L’art de tourner en rond

B5736381f6cce66814201273c0e5fb08

Pour imposer la neutralité religieuse des agents de l'État, il faudra utiliser la clause dérogatoire

Qu’on se le dise. Tant et aussi longtemps que les Québécois n’auront pas une ou un premier ministre suffisamment visionnaire et responsable pour parrainer une politique de laïcité consensuelle, ce débat est condamné à tourner pitoyablement en rond.


Valérie Plante vient de s’y faire prendre. La mairesse de Montréal s’est dite « ouverte » au port de signes religieux dits ostentatoires au Service de police de la Ville de Montréal (SPVM). Tenons pour acquis qu’on ne parle pas de la discrète « petite croix » catholique. C’est donc qu’il est toujours question du turban sikh, du hijab musulman et de la kippa juive. Bon retour au merveilleux monde de la catho-laïcité.

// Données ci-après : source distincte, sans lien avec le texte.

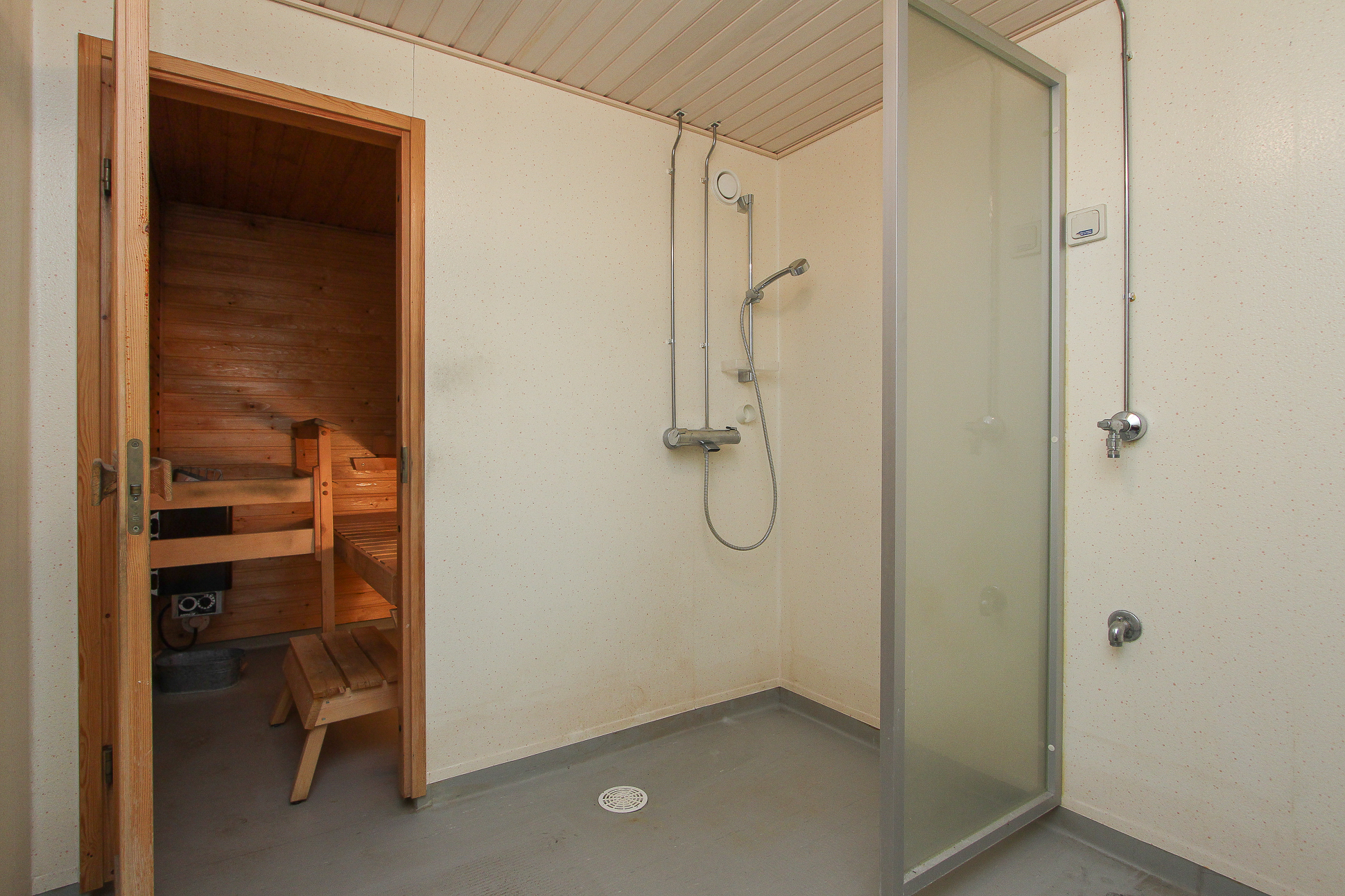 Lauteet, sähkökiuas, lattiassa muovimatto.
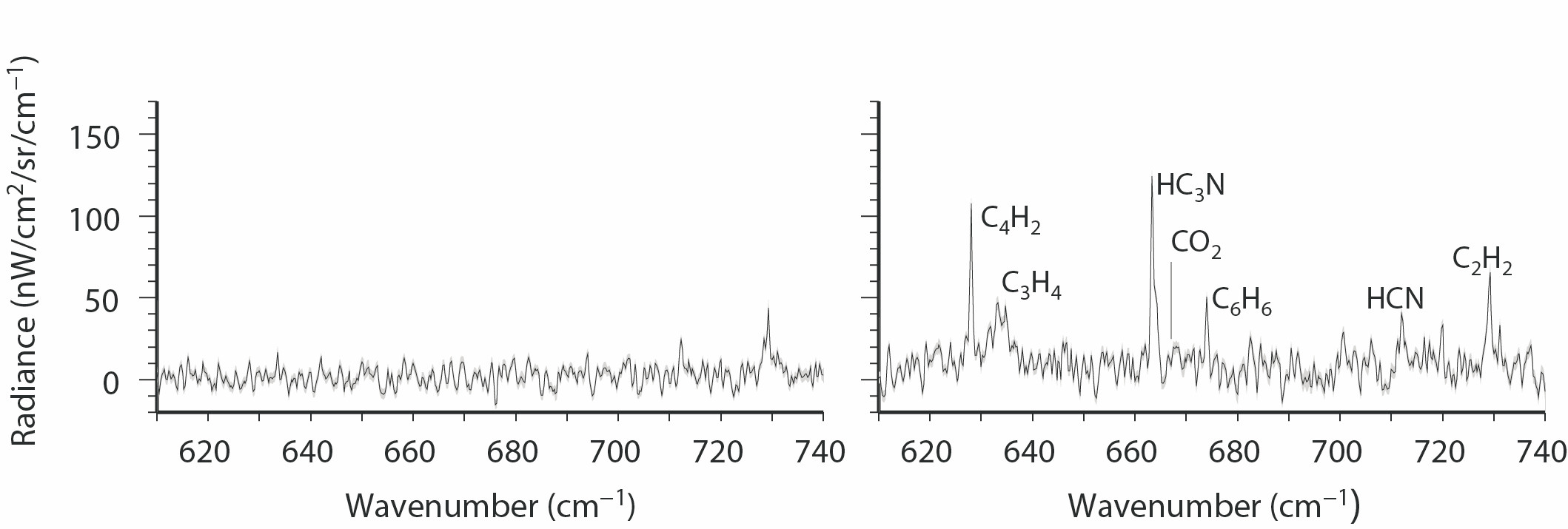 A number of trace compounds were detected: diacetylene (C4H2), methylacetylene(C3H4), cyanoacetylene (HC3N), carbon dioxide (CO2), benzene (C6H6), hydrogen cyanide (HCN) and acetylene (C2H2).
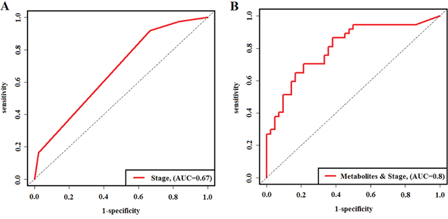 Figure 4: Time-dependent ROC curves evaluating predictive accuracy of three-year survival. (A) time-dependent ROC curve for pathological stage in the predictive of three-year survival of EOC patients. (B) time-dependent ROC curve for risk scores combined the predictive metabolites and pathological stage in the prediction of three-year survival of EOC patients.
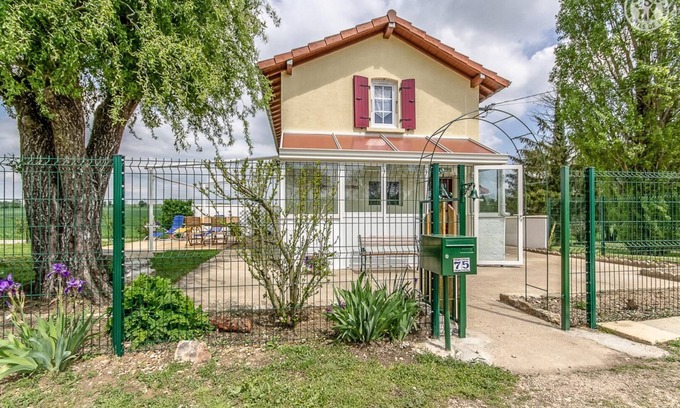 Authentic 19th century gatehouse steeped in carefully restored history, endowed with an income from a literally exceptional situation since it is nestled on the very route of the greenway (cycle path on the old Chalon railway line in Lons -le-Saunier). Nestled in the countryside on the edge of fields & meadows, in a delightful unspoiled natural and agricultural setting, the cottage adjoins a vast forest (footpath) at 4.5 km from the charming, typical and commercial village of St-Germain du Plain (all shops and services on site). Spacious gîte with very good comfort. Warm, contemporary country character combining the cozy atmosphere of a comfortable country house, careful heritage restoration and the exotic atmosphere of an old house. Very charming. Very cozy. Complete quality equipment. Enclosed and flowery garden with a swing, a shed (both playhouse and bicycle room), a large exposed & shaded terrace, a pleasant relaxation area under a pergola and a second terrace more intimate (exposed is ideal for breakfast), completed by a large tree-lined garden (not enclosed) adjoining the gîte. Beautiful open view over the surrounding countryside. Composition of the gîte: Detached house on 2 levels. Wireless. Central heating (gas). Ground floor: veranda, living room-kitchen-lounge (2-p. 160x190cm "rapido" convertible sofa in an intimate private alcove with door), bathroom (shower / wc). 1st floor: 2 bedrooms (double bed 160x200cm / 2 single beds 90x190cm which can be twinned into a double bed 180x190cm) including 1 with private bathroom (shower), separate toilet. Enclosed garden + land. Double terrace. Private parking. Secure bicycle room. TGV stations: Creusot 49 km, Mâcon Loché 64 km.

Bref, dix ans après le rapport Bouchard-Taylor sur les accommodements raisonnables, on tourne encore en rond. Pourquoi ? Parce qu’à l’Assemblée nationale, la question de la laïcité, déjà complexe, a été instrumentalisée par TOUS les partis politiques à des fins partisanes. De l’inaction libérale à la charte péquiste des valeurs, en passant par le relooking identitaire de la CAQ et le complexe de supériorité morale de Québec solidaire.


Premier pas


Depuis la défaite du gouvernement Marois, un consensus minimaliste rallie pourtant les partis d’opposition. Question de faire un premier pas, même timide. C’est celui porté par une des recommandations du rapport Bouchard-Taylor. Soit d’interdire le port de signes religieux aux agents de l’État détenteurs d’un « pouvoir de coercition », tels les juges, les procureurs de la Couronne, les gardiens de prison et les policiers.

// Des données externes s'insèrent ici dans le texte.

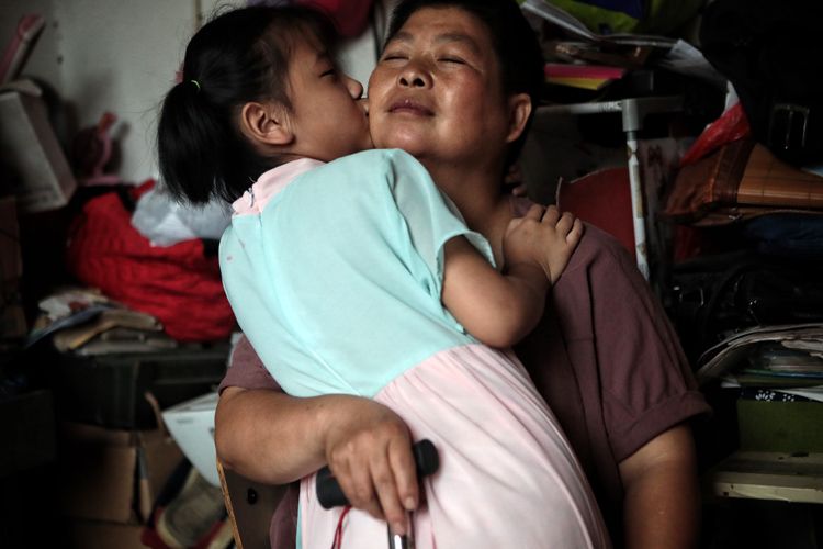 7月18日,河南南阳,贾云家中,贾云收养的第三个孩子——小女儿刘金玉亲吻她的脸颊。《收养三个弃婴的好心妈妈》
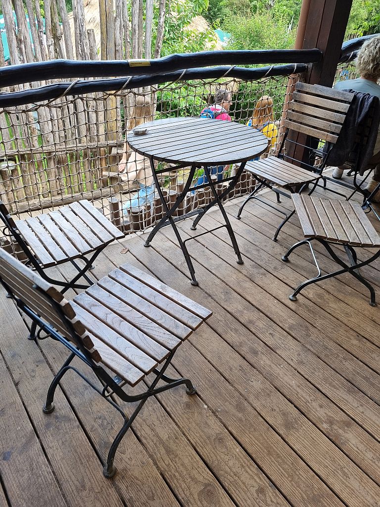Da wir beim letzten Halt kein Essen gefunden haben, wollten wir das am Restaurant neben der Savanne nachholen. Eine Idee, die wir nicht wirklich exklusiv hatten, weswegen wir froh waren einen leeren Tisch zu finden.
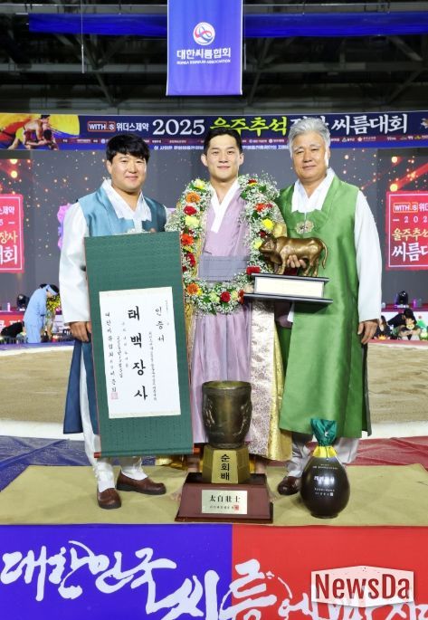 뉴스다 류대현 기자 | 울주군청 해뜨미씨름단 소속 노범수 선수가 5일 울산 울주군 울주종합체육센터에서 열린 ‘위더스제약 2025 울주추석장사씨름대회’에서 태백장사에 등극했다.

En toute probabilité, une telle politique commanderait d’avoir recours à la clause dérogatoire des chartes québécoise et canadienne des droits. Une clause qui, malgré tout le mal qu’on vous en dit, est légitime et constitutionnelle.


Or, qu’ont fait les libéraux depuis dix ans ? En octobre dernier, le gouvernement Couillard adoptait sa loi 62, vide jusqu’à l’absurde. Sur les signes religieux, elle édicte que les services publics doivent être donnés et reçus à « visage découvert ». Sauf en cas d’accommodement au cas par cas. Comme si, au Québec, les femmes en burqa ou en niqab étaient légion.


Sclérose


Le « visage couvert » est un problème fictif auquel Philippe Couillard a néanmoins inventé une solution risible pour cacher son propre refus d’adopter le consensus Bouchard-Taylor.


Mardi, enrhumée jusqu’aux oreilles, je me suis rendue dans une clinique. Par respect pour les autres, je portais un masque protecteur. J’ai demandé pourquoi on acceptait de me voir malgré mon « visage couvert ». Ce qui, après tout, me plaçait dans l’illégalité.


Pas besoin de vous dire qu’on a vite compris que ma question était ironique. L’illustration parfaite que la loi 62, sur ce volet, est une coquille aussi vide que loufoque. La vérité est qu’elle n’a strictement rien à voir avec le début de l’ombre d’une possibilité d’une première politique de laïcité.


Pendant que le monde change, le Québec souffre d’une souche dangereuse de sclérose politique. Sur plusieurs fronts, dont celui de la laïcité. Si la sclérose devait perdurer au-delà du scrutin du 1er octobre, ça risque fort de tourner en nécrose collective.